How much memory we would need to store all the user data for sliding window with counters?
Assume that 'UserID' is 8 bytes long. Each epoch will require 4 bytes, whereas the Counter will require 2 bytes. Let's pretend we need to limit requests to 500 per hour. Assume a hash-table overhead of 20 bytes and a Redis hash overhead of 20 bytes. We'll need 60 entries for each user because we'll be keeping a minute-by-minute count. To store one user's data, we'd require a total of 1.6KB:
8 + (4 + 2 + 20 (Redis hash overhead)) * 60 + 20 (hash-table overhead) = 1.6KB
If we need to track one million users at any time, total memory we would need would be 1.6GB:
1.6KB * 1 million ~= 1.6GB
So, our ‘Sliding Window with Counters’ algorithm uses 86% less memory than the simple sliding window algorithm.
Data Sharding and Caching
- To spread the user's data, we can shard based on the 'UserID.'
- Consistent Hashing should be used for fault tolerance and replication. We can opt to shard each user per API if we want different throttle limitations for distinct APIs.

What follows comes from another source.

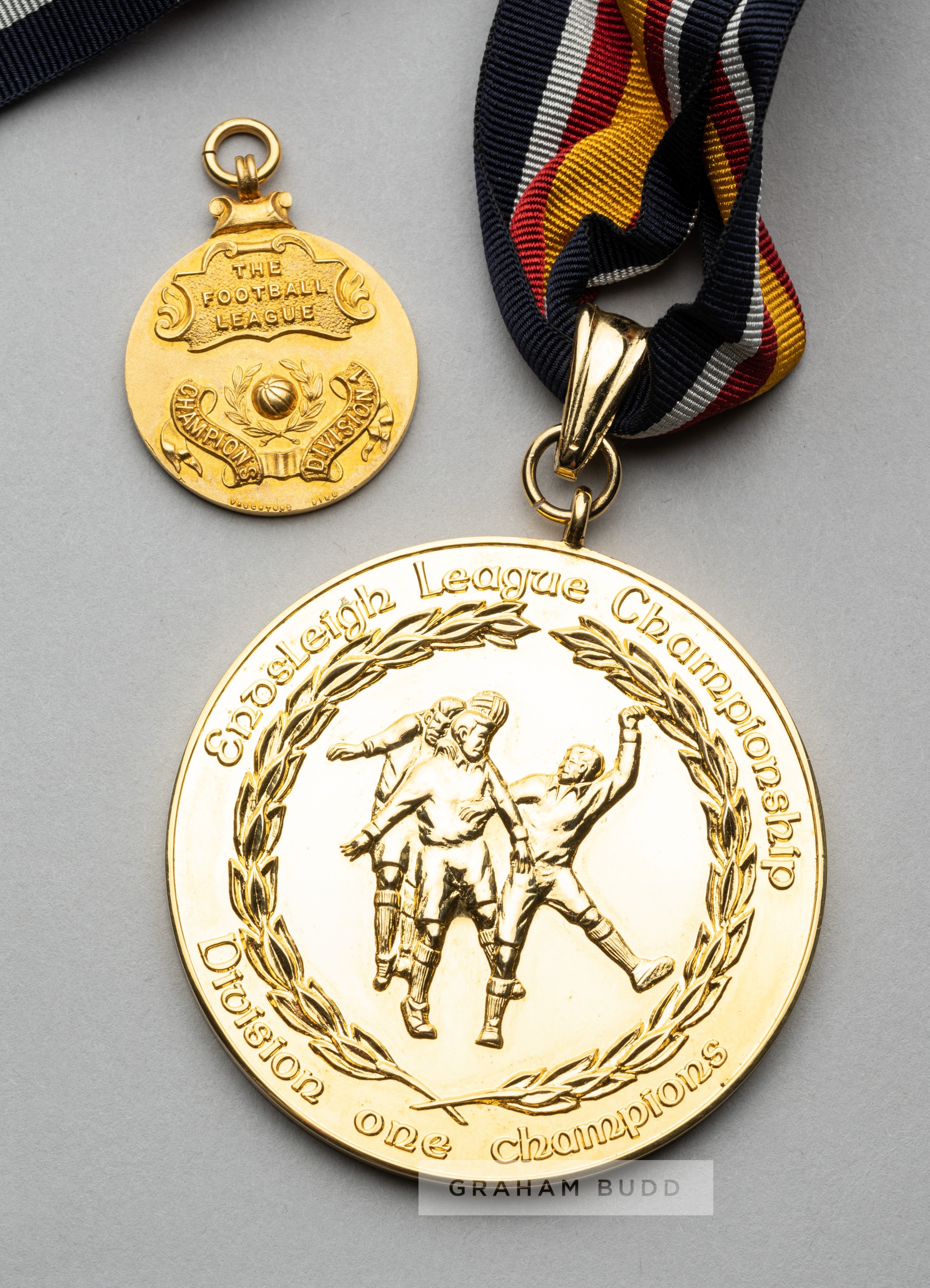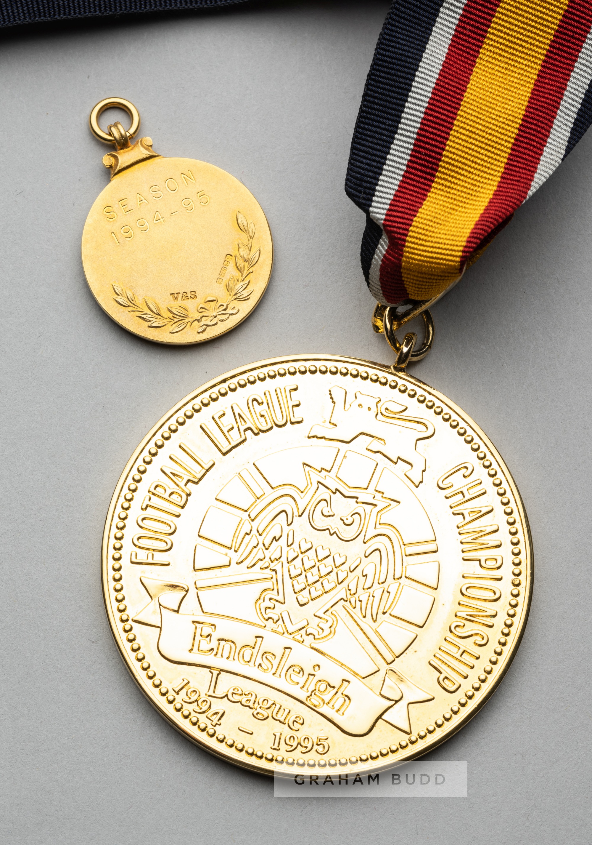 Football League Division One Championship medal awarded to Middlesbrough's Clayton Blackmore in season 1994-95, obverse with THE FOOTBALL LEAGUE CHAMPIONS DIVISION 1 surrounding a football in relief, reverse engraved SEASON 1994-95, circular with suspension ring, hallmarked 9ct gold Birmingham 1995 by Vaughton & Sons, weight 14gms., diameter 27mm., in gilt tooled case THE FOOTBALL LEAGUE with logo, sold with a gilt metal Endsleigh League Champions Division One Champions sponsor's medal with ribbon, obverse with footballers in relief and ENDSLEIGH LEAGUE CHAMPIONS DIVISION ONE CHAMPIONS, reverse with FOOTBALL LEAGUE CHAMPIONS ENDSLEIGH LEAGUE 1994-1995, diameter 63mm., with amber, red and black striped ribbon, (2) Clayton Blackmore played for Middlesbrough during 1994-99, making 53 appearances scoring four goals. Provenance: Clayton Blackmore collection Sotheby's auction Lot 197 14th July 2002.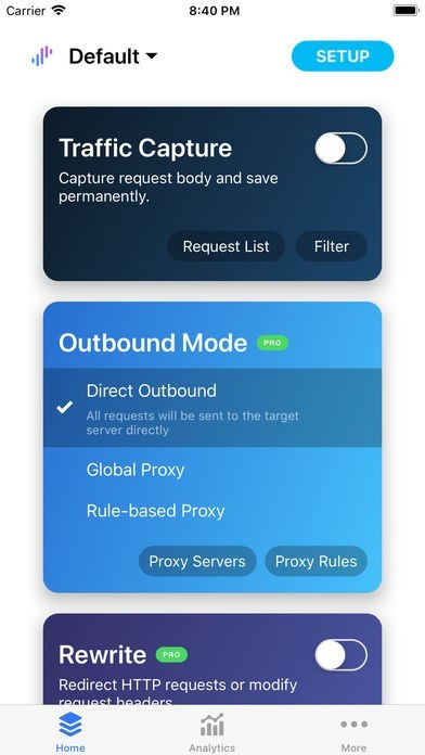 * Capture all HTTP/HTTPS/TCP traffic from any applications on your device, and redirect to an HTTP/HTTPS/SOCKS5/SOCKS5-TLS proxy server following highly configurable rules;

- Consider URL Shortener: each user or IP can have a distinct rate limiter for the createURL() and deleteURL() APIs.
- If our APIs are partitioned, a separate (slightly smaller) rate restriction for each API shard would be a reasonable idea. Take our URL Shortener, for example, where we wish to limit each user to no more than 100 short URLs each hour.

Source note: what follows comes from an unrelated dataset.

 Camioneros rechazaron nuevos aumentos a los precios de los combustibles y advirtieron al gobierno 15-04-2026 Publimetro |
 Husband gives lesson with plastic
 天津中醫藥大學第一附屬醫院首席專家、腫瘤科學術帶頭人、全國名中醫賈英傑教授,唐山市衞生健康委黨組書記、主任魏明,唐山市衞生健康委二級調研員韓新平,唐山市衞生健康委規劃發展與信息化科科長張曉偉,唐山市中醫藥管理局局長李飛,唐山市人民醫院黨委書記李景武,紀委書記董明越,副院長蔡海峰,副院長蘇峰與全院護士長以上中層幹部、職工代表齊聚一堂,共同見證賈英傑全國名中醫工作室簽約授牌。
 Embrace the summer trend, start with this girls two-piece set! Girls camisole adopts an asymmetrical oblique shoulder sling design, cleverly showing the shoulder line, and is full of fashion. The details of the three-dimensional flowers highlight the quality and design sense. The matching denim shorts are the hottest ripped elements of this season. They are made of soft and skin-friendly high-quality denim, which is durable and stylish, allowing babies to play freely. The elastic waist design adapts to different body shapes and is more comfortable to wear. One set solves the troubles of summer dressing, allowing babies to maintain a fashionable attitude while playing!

- We can rate limit each partition to allow a user to produce no more than three short URLs per minute in addition to 100 short URLs per hour if we utilize Hash-Based Partitioning for our createURL() API.
- Caching recent active users can provide significant benefits to our system. Before reaching backend servers, application servers can rapidly check if the cache contains the necessary record.

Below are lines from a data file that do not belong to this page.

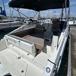 Offrez-vous une journée inoubliable en mer à bord du Quicksilver 805 Cruiser, un bateau haut de gamme alliant élégance, performance et confort exceptionnel. Propulsé par un puissant moteur Mercury V8 de 300 chevaux, ce day-cruiser moderne vous garantit des sensations fortes en toute sécurité, avec une tenue de mer irréprochable et une navigation fluide même à grande vitesse. Idéal pour une escapade en famille, une sortie entre amis ou une journée détente en couple, le 805 Cruiser peut accueillir jusqu’à 9 personnes à bord. Son cockpit spacieux et modulable se transforme en coin repas ou en grand bain de soleil selon vos envies. À l’intérieur, la cabine lumineuse offre 4 couchages confortables, un coin cuisine équipé (réfrigérateur, évier, réchaud) ainsi qu’un wc marin séparé pour un maximum d’autonomie et de confort. Profitez également de ses équipements premium : guindeau électrique, plateformes de bain avec échelle, douchette de cockpit, système audio, GPS/Sondeur, et bien plus selon la configuration. Grâce à son design intelligent, chaque mètre carré est pensé pour maximiser le plaisir à bord, que ce soit pour une croisière côtière, une journée farniente ou des activités nautiques.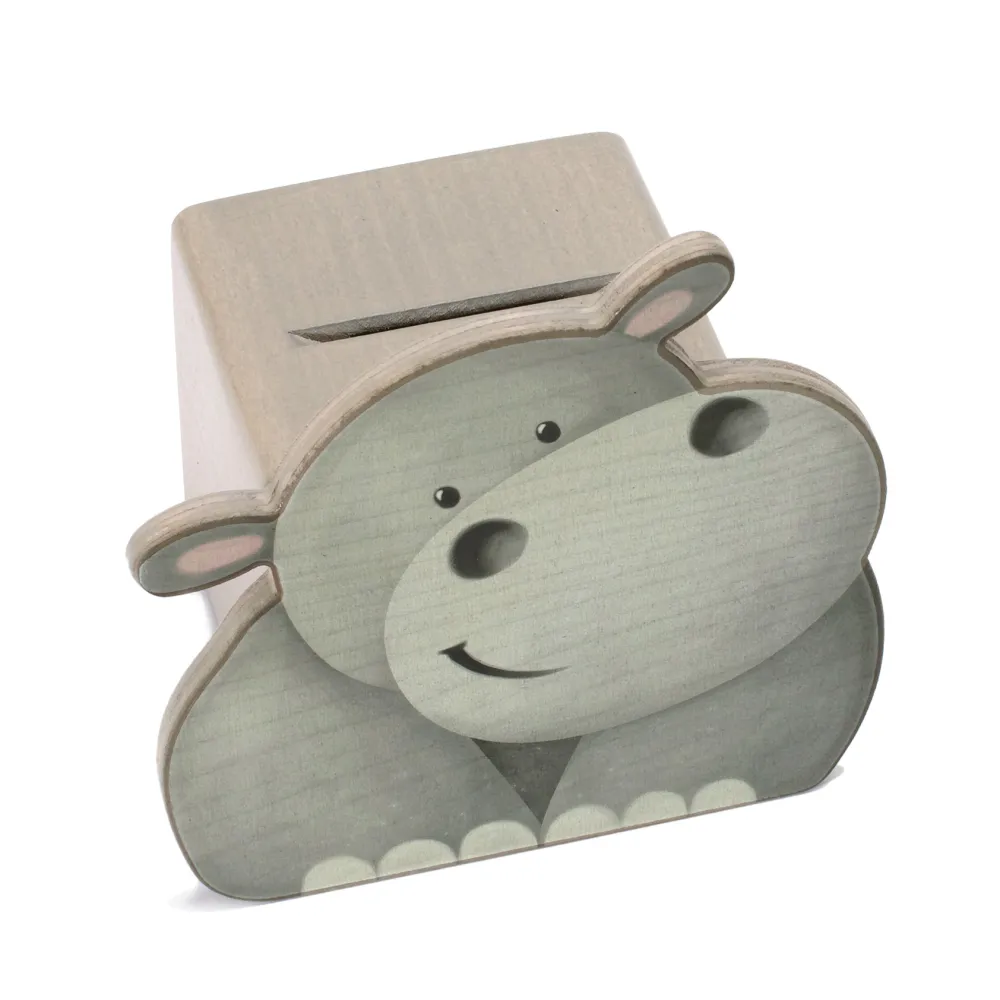 Weizenkorn Spaarpot Gezicht Nijlpaard Hout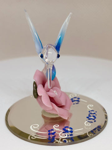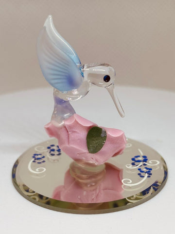 Hummingbird with Pink Flower Figurine | Handcrafted Glass Bird Home Decor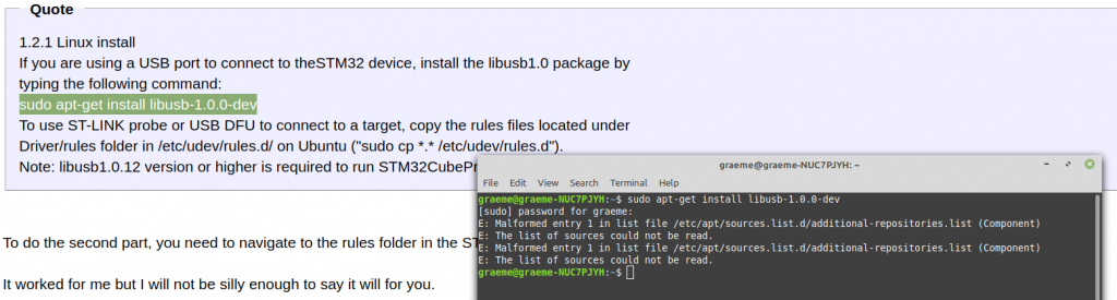 hi grogster, have you done BOTH of: echo 'SUBSYSTEM=="usb", ATTRS{idVendor}=="0483", ATTRS{idProduct}=="df11", MODE="0664", GROUP="plugdev"' | sudo tee /etc/udev/rules.d/45-stdfu-permissions.rules > /dev/null (as a single line), AND: sudo adduser $USER plugdev just cut (from this message) and paste each of the lines into a command terminal. both are CASE SENSITIVE, and both will prompt for your password. the purpose of the first line is to create a file called /etc/udev/rules.d/45-stdfu-permissions.rules containing the one line of text: SUBSYSTEM=="usb", ATTRS{idVendor}=="0483", ATTRS{idProduct}=="df11", MODE="0664", GROUP="plugdev" this allows access to the VDI/PID 0483:df11. cheers, rob :-) |

- By updating all counts and timestamps in cache only, our rate limiter may greatly benefit from the Write-back cache.
- The persistent storage can be written to at predetermined intervals. We can ensure that the rate limiter adds the least amount of latency to the user's requests this way.
- When the user has reached their maximum limit and the rate limiter is merely reading data without any updates, the reads can always hit the cache first, which will be tremendously handy.
For our system, the Least Recently Used (LRU) policy may be an appropriate cache eviction policy.
Should we rate limit by IP or by user?
Let’s discuss the pros and cons of using each one of these schemes:
IP:
- We limit requests per-IP in this approach; while it's not ideal for distinguishing between 'good' and 'bad' actors, it's still better than having no rate limitation as all.
- When several users share a single public IP, such as in an internet cafe or smartphone users utilizing the same gateway, IP based throttling becomes a major issue.
- Throttling can be caused by a single bad user.
- Another issue could develop with caching IP-based limits: because a hacker has access to a large number of IPv6 addresses from just one computer, it's easy to cause a server to run out of memory tracking IPv6 addresses!
User:
- After user authentication, rate limits can be done on APIs. After being authorized, the user will be given a token to pass along with each request.
- This ensures that we rate limit against a specific API with a valid authentication token. But what if the login API itself has a rate limit?
- A hacker could launch a denial of service attack against a user by submitting incorrect credentials up to the limit; after that, the actual user will be unable to log in.
How about if we combine the above two schemes?
Hybrid:
- A good strategy would be to implement both per-IP and per-user rate limitation, as both have flaws when performed separately.
- However, this will result in more cache entries with more details per entry, requiring more memory and storage.